Home work gets easier - TeleCommute Solutions - Company Business and Marketing

Communications News, Oct, 1999 by Ripley Hotch

The cost of do-it-yourself remote access is getting high, and the push of employees to telecommute is leading to very high hidden costs. Schilling talks about one company that thought it had 110 full-time telecommuters and 1,400 remote users. TCS studied the group and found closer to 400 full-time telecommuters. The employees did it by expensing equipment--telecommuters told the evaluation team that they would simply write an expense report for a big meal and buy the equipment they wanted. Furthermore, since the company didn't know the equipment was out there, when the employee left, he or she got to keep it. One employee had six computers and six phone lines, all paid for by the company.
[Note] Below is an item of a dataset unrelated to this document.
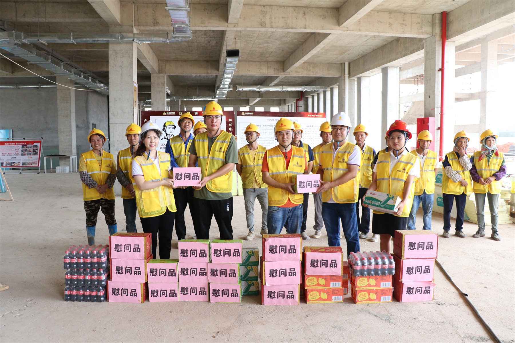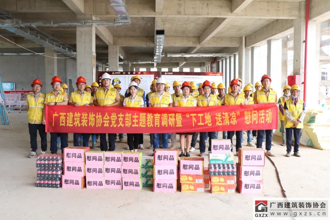 2023年6月8日,廣西建筑裝飾協(xié)會(huì)黨支部書記黃榆,組織支部黨員、入黨積極分子、秘書處工作人員一起前往華輝在建項(xiàng)目工地,與華輝黨支部共同開展“下工地 送清涼”慰問活動(dòng),向華輝一線勞動(dòng)者送去“清涼慰問品”。
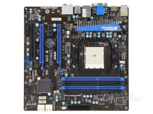 本次测试采用的是微星A75MA-G55主板,该主板基于AMD Hudson D3芯片组,采用Micro-ATX板型设计,秉承微星2代军工级用料设计,提供了2个PCI-E x16插槽、1个PCI-E x1插槽以及1个PCI插槽。该主板提供了4条内存插槽,最大支持32GB DDR333 1866(OC)内存条,内置8声道网卡,千兆以太网卡,6个SATA 6Gbps接口,4个USB3.0接口以及8个USB2.0接口(需前置面板),同时提供了HDMI/DVI/D-sub视频输出接口。

"In our sampling, we found that this company was losing close to $150,000 a year in just capital sliding out the door," says Schilling. It gets tricky for TCS, which gets hired to put some structure in the telecommuting program. "The CEO knows he's got a problem, and we come back with really ugly news. It's difficult for him," says Schilling. "Here's an IT guy who says `I need to get control into this program, but I can't tell everybody this because this is really bad news, and I'll look bad. There are dollars it's hard for me to fess up to, and there are dollars that I can't get to that are in expense reports.' We get into these really sticky situations. We're finding just fascinating stuff."

On top of these are the management and legal issues. Telecommuters need to be trained, and evaluations need to be made of the employee's home office to make sure it meets OSHA requirements. Equipment needs to be set up, tracked, and supported.

Faced with all these costs and sticky areas, the TCS solution begins to make some sense. It has brought together all the pieces to allow the telecommuter to feel as if he or she is working in an office attached to the home network and using the company PBX.

The linchpin of the TCS offering is its network. The company has POPs in eight cities with a Frame Relay/ATM switch. "That configuration allows us to connect traditional ISDN and/or analog dial-in people, but we can plug the cable-modem network into that." TCS is working to be able to hand off all the forms of access to the enterprise in a single pipe.

That will include DSL, as well as ISDN or cable. "The DSL guys have all this cool high-speed technology, but the problem is they don't have very big footprints yet," Schilling says. "It's nice when it's available, but cable modems are available other places. When you're a company looking at telecommuting, and you want to try to service a large population, it's not easy to say, `Well, yes, but only if DSL,' or `Yes, but only if ISDN.' So part of our core strategy is to blend all of these together through a single pipe. We are clearly playing a watch-and-see. We'll adapt to all of it, and, as this thing fleshes out, we'll start picking favorites."

TCS sells its service at a flat monthly rate. That's significant when you consider that VPN services are charged by the hour, as are I-VPNs and services sold through 800 numbers. "What we say is, we'll sell this beginning at 35-bucks-a-month flat fee for 200-some-odd hours a month, and we'll do that for multiple locations around the country," Schilling says.